═════ Record set ═════
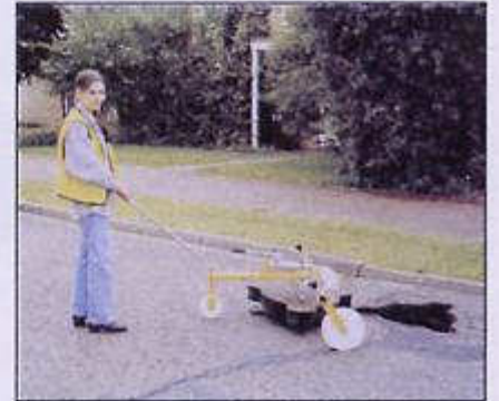
5 Tow cover clear of manhole.
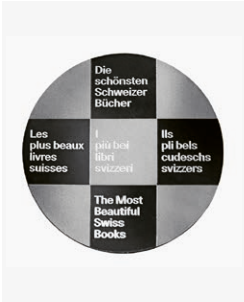
Fig.1 Giliane Cachin, sticker celebrating books awarded in the Most Beautiful Swiss Books competition, 2019, Switzerland.
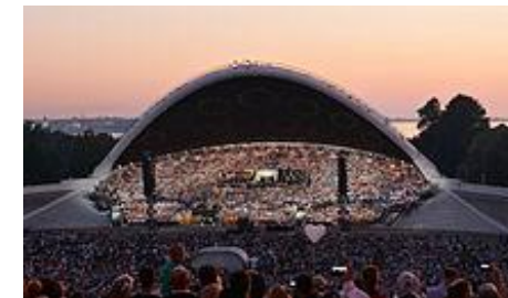
The Estonian Song Festival is UNESCO's Masterpiece of the Oral and Intangible Heritage of Humanity
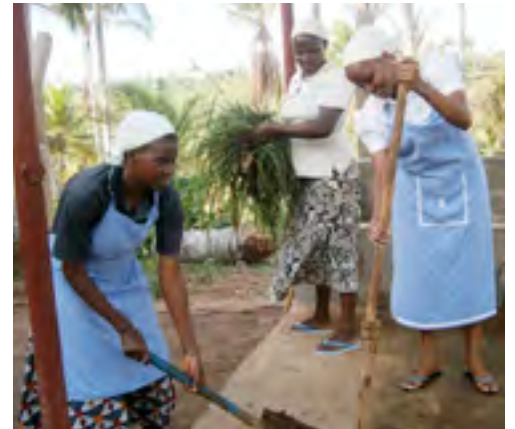
Novices in the Shamba at Dundani

an outreach to the schools and to poor families in the area. The numbers in the Sunday school are increasing and they are involved in the local basic Christian communities. They have a small income from selling water, vegetables and coconuts. They also grow maize, cassava, rice, okra, watermelons and pineapples. They are the proud owners of a growing poultry project of hens and ducks and one cow, called 'Black'.
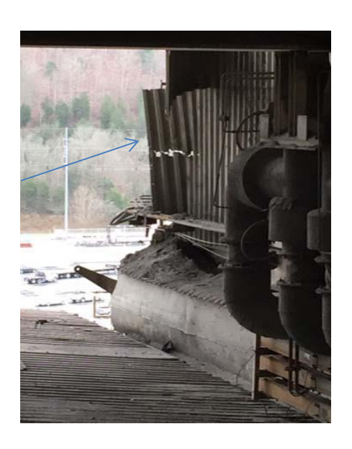
Illustration 1 Loose Lagging on SCR Box, Bull Run Fossil Plant, December 2015

• Flue Gas Exposure: (See Illustration 2.) Flue gas is comprised of SO<sub>2</sub>, NO<sub>x</sub>, and ash particles, which are subject to OSHA regulations for toxic and hazardous substances in the workplace. Applicable OSHA standards for SO<sub>2</sub>, NO<sub>x</sub>, and ash particle levels are set for 8 hours of exposure and are to be measured by taking samples from impacted areas. According to OSHA, if air contaminated with harmful dust and gases cannot be controlled by engineering controls, appropriate respirators shall be used.
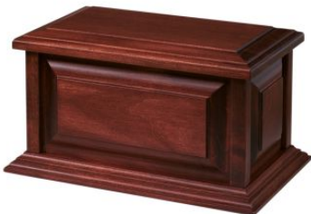
Brentwood Price: $340 Hardwood Victoriaville US210-00013 Size: 7Wx12Lx6.5D
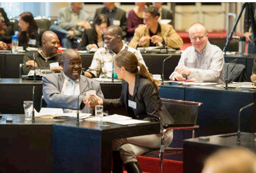
First interaction of conference participants

people. At the same time, the increasing energy demand is also threatening the people's access to food. To illustrate this, Santarius talked about a big Indian mining company which is also polluting the fields of local farmers. He pointed out that the time for a solo-mentality is definitely over, since neither climate nor energy nor agricultural strategies can be developed in a nimbus. In fact, a more systemic approach is needed. Civil society actors therefore have to think about their work and create strategies that take into account this interconnectedness and are more holistic and efficient - otherwise new "Copenhagens" will occur. He encouraged the audience to form strong alliances and create efficient strategies and campaigns to build up a strong resistance against the tremendous financial and political power of corporations 1 .
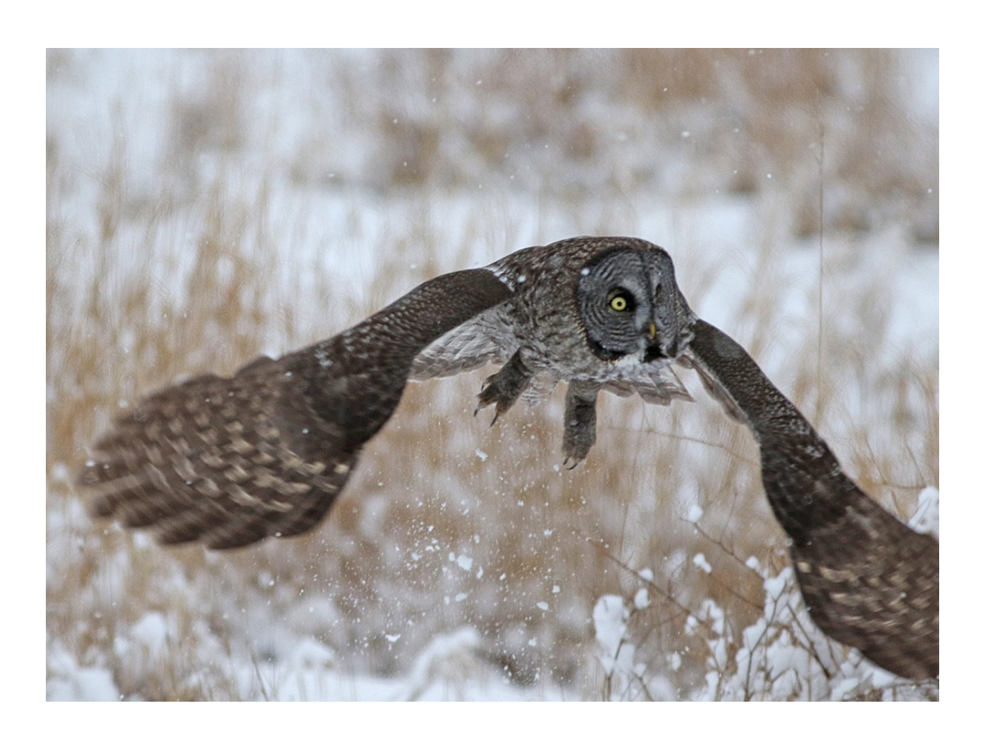
The Great Grey Owl hunting in the snow was a clear tour highlight
═════
### Work item
List every line from the entries above in which "clear" appears.

### Task output
5 Tow cover clear of manhole.
The Great Grey Owl hunting in the snow was a clear tour highlight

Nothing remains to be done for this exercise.